Guillermo
Solarte Lindo
Mi
madre le decía a mi padre yo soy creyente y el respondía, yo soy dudante.
Atahualpa Yupanqui
Con la pandemia vivimos tiempos
difíciles, sorprendentes. Aprendimos tantas cosas que, como especie,
debemos salir fortalecidos. Ahora sabemos con mucha precisión que es necesario
ordenar las tres palabras de la canción de marras, que orientaron por años la
vida: salud, dinero y amor. Barajar de nuevo estas tres cartas es obligación
humana, descartar o cambiar una de ellas será el dilema que tendremos que
resolver como especie.
La pandemia ha
logrado enseñarnos que es posible sobrevivir con el dinero justo siempre y
cuando estemos rodeados de amor, y también, esta experiencia es testimonio
certero de que los problemas del cuerpo y de la mente se sobrellevan de una
mejor manera si el amor nos llena de optimismo y entusiasmo para salir
adelante. El virus es un paso para una revolución cultural sin precedentes. Una
revolución que permita situar en el peldaño más bajo de esa escalera al cielo,
que es nuestra vida, al dinero y, a la ambición, como la fuentes en la que hemos
obligado a beber a niñas, niños y jóvenes.
En el siglo XIII
la voz del Arcipreste de Hita, poeta español, percibía con gran precisión lo
que el dinero estaba construyendo. Dice el de Hita “Hace mucho el dinero, mucho
se le ha de amar; al torpe hace discreto y hombre de respetar; hace correr al
cojo y al mudo le hace hablar; el que no tiene manos bien lo quiere tomar /Y si
tienes dinero tendrás consolación, placeres y alegrías y del Papa ración,
comprarás Paraíso, ganarás la salvación; donde hay mucho dinero hay mucha
bendición./ el crea los priores, los obispos, los abades, arzobispos, doctores,
patriarcas, potestades, a los clérigos necios da muchas dignidades, de verdad
hace mentiras, de mentiras hace verdades…” y más “En resumen lo digo,
entiéndelo mejor: el dinero es del mundo el gran agitador, hace señor al siervo
y siervo hace al señor; toda cosa del siglo se hace por su amor”
Y también hace
unos 500 años, cuando el dinero marcaba para siempre el horizonte de la vida,
otro poeta español escribía un poema satírico sobre ese poderosísimo artificio
para el intercambio y la acumulación.

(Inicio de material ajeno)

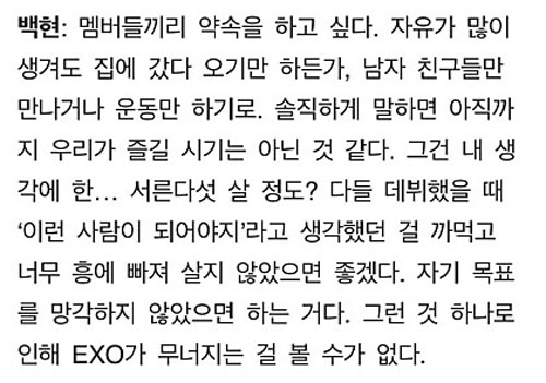 과거 백현은 한 매체와의 인터뷰에서 “멤버들끼리 약속을 하고 싶다. 자유가 많이 생겨도 집에 갔다 오기만 하든가, 남자 친구들만 만나거나 운동만 하기로. 솔직하게 말하면 아직까지 우리가 즐길 시기는 아닌 것 같다”라고 밝혔다.

Dice el poema o se pregunta el poeta
Quevedo algo que como premonición fue preciso y como tragedia también: “¿Quién
hace de piedras pan sin ser el Dios verdadero?” El dinero.
Que el dinero se
haya convertido en elixir fatal para la vida no es su culpa. Es una compleja
trama a su favor montada por los especuladores y promovida sutilmente por la
educación como proceso que favorece su acumulación. Ser útil se convirtió en
tener capacidad de acumulación. Desde su aparición como moneda hasta su
inminente desaparición como papel moneda han transcurrido varios siglos. Un medio
creado para el intercambio se fue convirtiendo en un fin para la vida: si lo
tengo soy feliz y si no lo tengo, seré un pobre ser humano objeto de la peor de
las discriminaciones. Está tan arraigado en nuestra cultura que es muy difícil
pensar que en otros 500 años esto haya desaparecido de la faz de la tierra.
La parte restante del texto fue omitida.